The point is that the credit score system is utterly dominated by past credit (and its repayment), even though other factors (like current wealth and income) are far more important in practice - and this leads to paradoxical and absurd situations where someone can be filthy rich, but have low credit score because they have zero credit history, never having taken a loan.
Many other countries don't have such a system, and creditors use your past and projected income as a basis for making decisions.
> other factors (like current wealth and income) are far more important in practice - and this leads to paradoxical and absurd situations
From the perspective of the finance industry, these "absurd situations" are so far below the level of noise that they are effectively theoretical. If you want to discuss "in practice": in practice the users of the US credit system have no "current wealth" worth speaking of (look up the median net worth of US households), and their ability to maintain their existing debt is the defining feature of their financial status.
Again, there are many countries - including First World European countries - that don't have the credit score system, or only have reports on non-payments (usually govt-run). They seem to be doing just fine.
Lenders in the US are just trying to maximize their risk-adjusted profit - there's no conspiracy here. If income alone was just as good as income + debt servicing history for making the statistical decisions required to maximize credit industry profits (decisions like whether or not to lend, at what rate, at what ratio to income/assets, etc), do you think the lenders would pay the overhead of the additional useless tracking? Are you suggesting that Equifax & Co. are pulling a fast one on the US lenders and their armies of actuaries and after all these years the lenders haven't noticed the uselessness of the product?
Not only that. Celebrities that got money quickly often end up with debt or very little money. Having access indirectly via family members is no guarantee. For a bank, such a client can be very risky, much riskier than someone with a regular income.
I wouldn't be that surprised that she would miss lots of consecutive payments. Not because she didn't have the money, but because she doesn't care. 3 late payments in a row on a mortgage, credit card, etc, drags down your score a lot.

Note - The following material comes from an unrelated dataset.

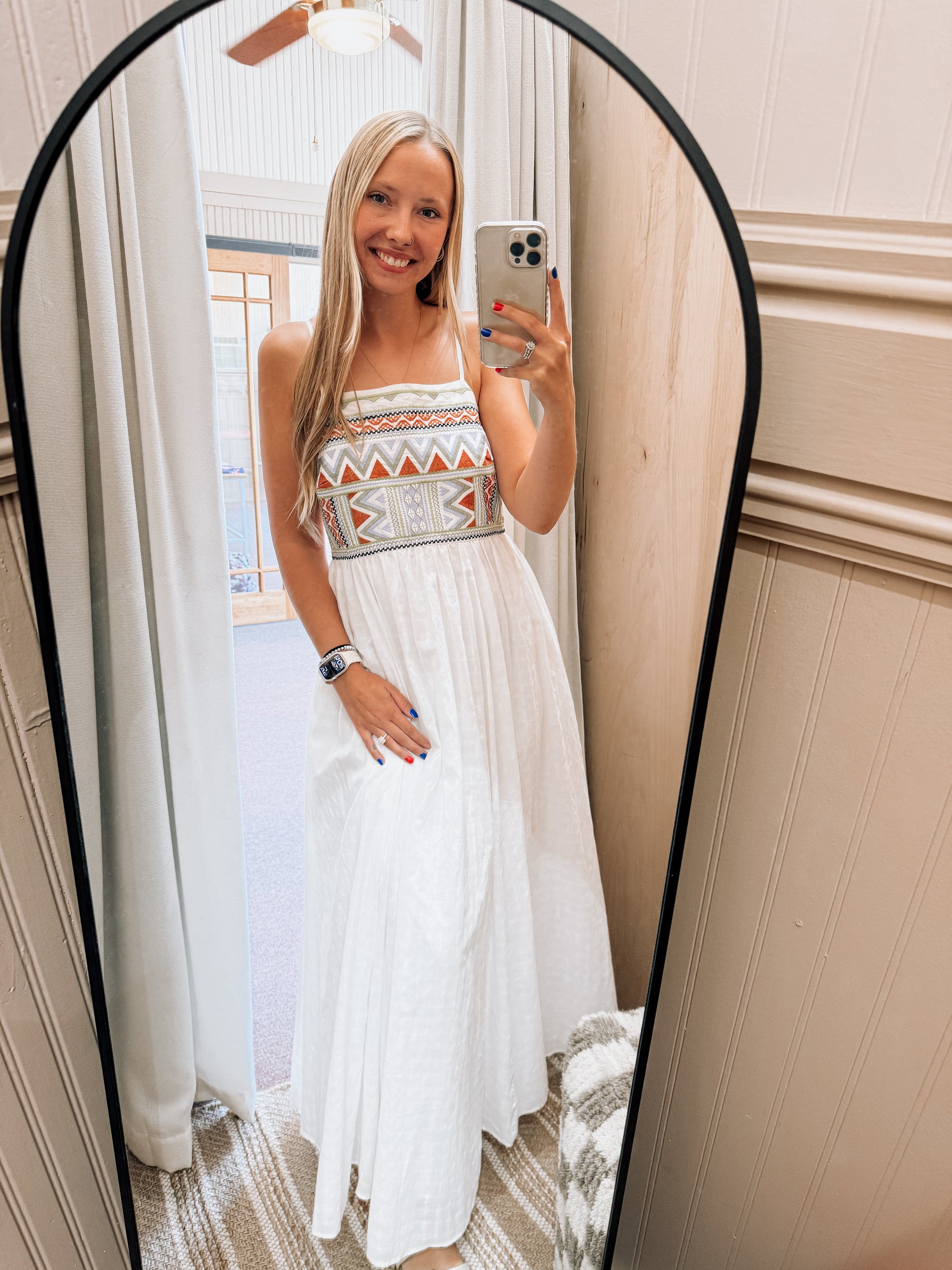 A white-hot statement piece with a pop of desert-inspired embroidery. A breezy, textured fabric that flows with every step and a detailed smocked back for an easy, flattering fit. Perfect for sunny days, market strolls, or that casual bride moment.

Or perhaps she had little credit history. I could see a scenario where most of her stuff is financed through an LLC vs her personal credit. If your business is solely "being popular", almost everything is a business expense :)
The concept of credit scores has a reason to exist, it's just our implementation is broke a million times over. There's nothing wrong with a business loaning you money having the knowledge aforehand that you don't pay your obligations on time.
If by "under the thumb of" you mean "using less than 30% of available credit and carrying some kind of balance". There's no need to apply melodrama to a simple matter of statistics to answer the question of whether someone can use credit responsibly.
A credit score is a signal to potential _new_ creditors about how likely you are to be able to pay back _new_ debts. A factor in credit FairISAAC is the proportion of your outstanding revolving credit you are currently using (more being worse, above about 30%). It could be a sign that your income is unable to pay down your debt (becoming a runaway debt problem).
All to say that just because you've been able to convince creditors to loan you $53 million doesn't necessarily mean your credit is good.
Having zero debt (and no credit cards) can easily knock your score that low, even if you have a perfect payment record.
The whole credit score thing is an extortion game:
To the consumer: Want a loan? Buy everything on cash back cards.
To vendors: Don't like the fact that we're upping transaction fees? What percentage of your customers use credit cards again?
If they actually were worried about your ability to repay a new debt, the fact that you already have a pile of debt would not increase your score.